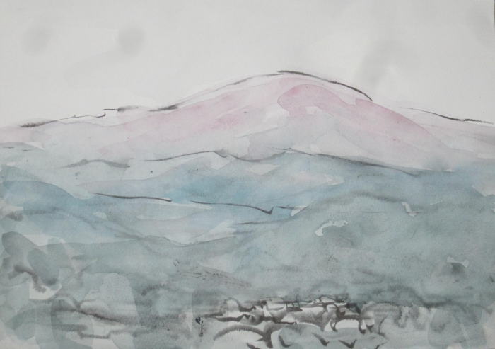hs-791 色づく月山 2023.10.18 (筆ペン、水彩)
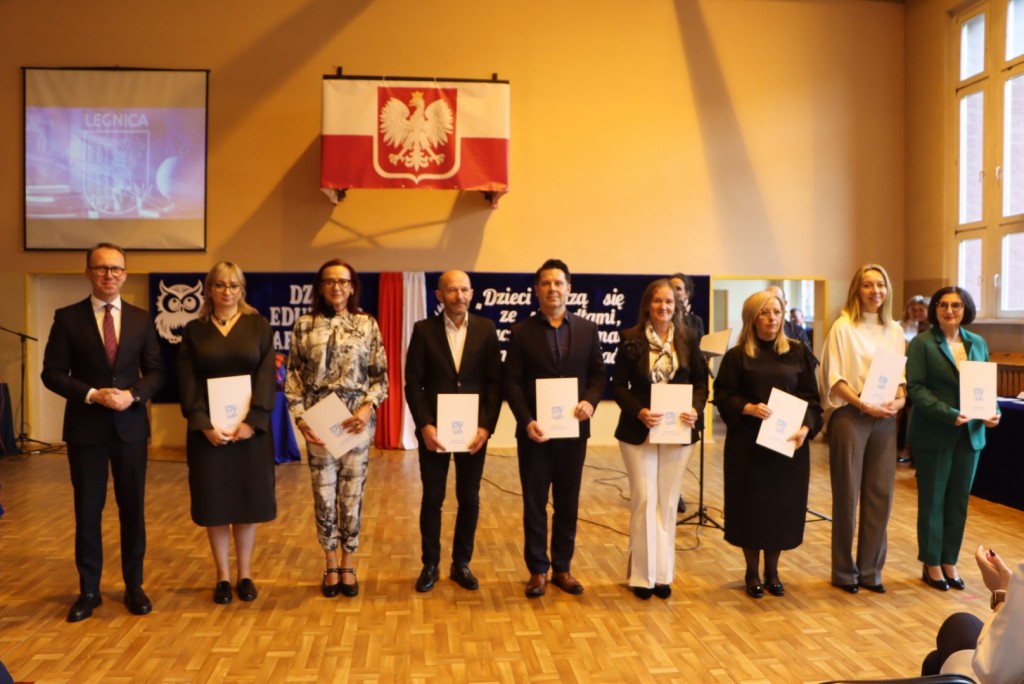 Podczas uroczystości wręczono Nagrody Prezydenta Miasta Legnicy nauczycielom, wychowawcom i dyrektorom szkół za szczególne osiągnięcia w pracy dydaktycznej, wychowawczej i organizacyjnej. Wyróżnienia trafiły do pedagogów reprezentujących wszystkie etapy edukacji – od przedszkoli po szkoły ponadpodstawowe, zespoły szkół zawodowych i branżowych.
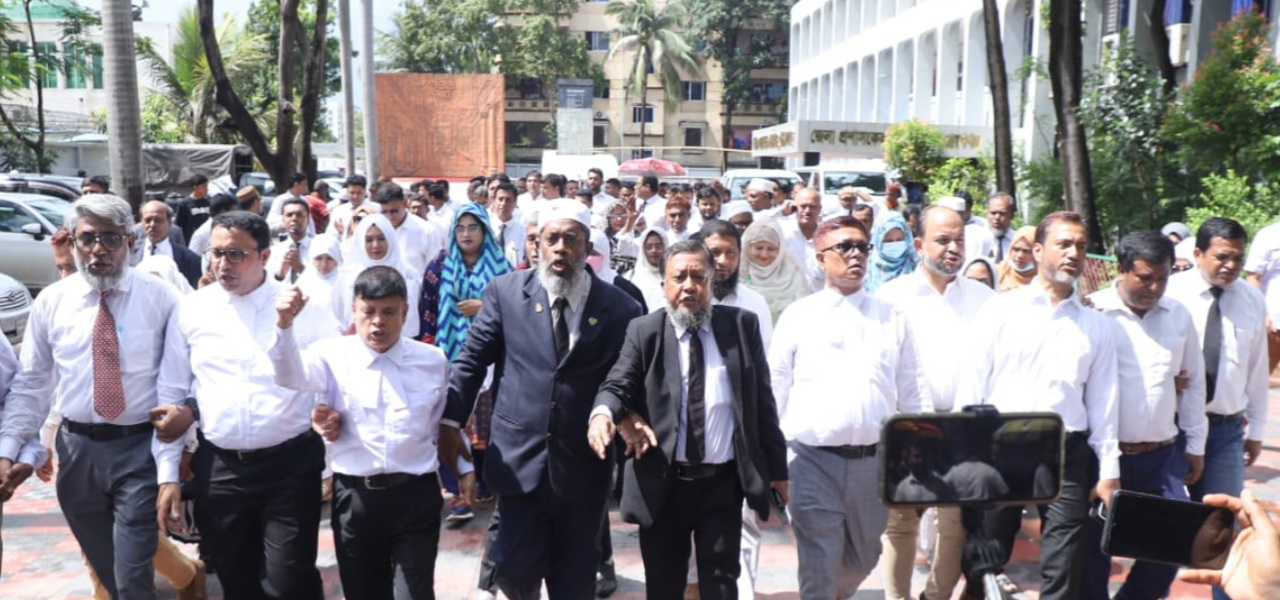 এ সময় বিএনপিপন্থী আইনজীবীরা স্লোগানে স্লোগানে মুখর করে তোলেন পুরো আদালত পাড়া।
###
» Exercise
Without the pictures, write out the whole listing exactly as it appears.

» Solution below
hs-791 色づく月山 2023.10.18 (筆ペン、水彩)
 Podczas uroczystości wręczono Nagrody Prezydenta Miasta Legnicy nauczycielom, wychowawcom i dyrektorom szkół za szczególne osiągnięcia w pracy dydaktycznej, wychowawczej i organizacyjnej. Wyróżnienia trafiły do pedagogów reprezentujących wszystkie etapy edukacji – od przedszkoli po szkoły ponadpodstawowe, zespoły szkół zawodowych i branżowych.
 এ সময় বিএনপিপন্থী আইনজীবীরা স্লোগানে স্লোগানে মুখর করে তোলেন পুরো আদালত পাড়া।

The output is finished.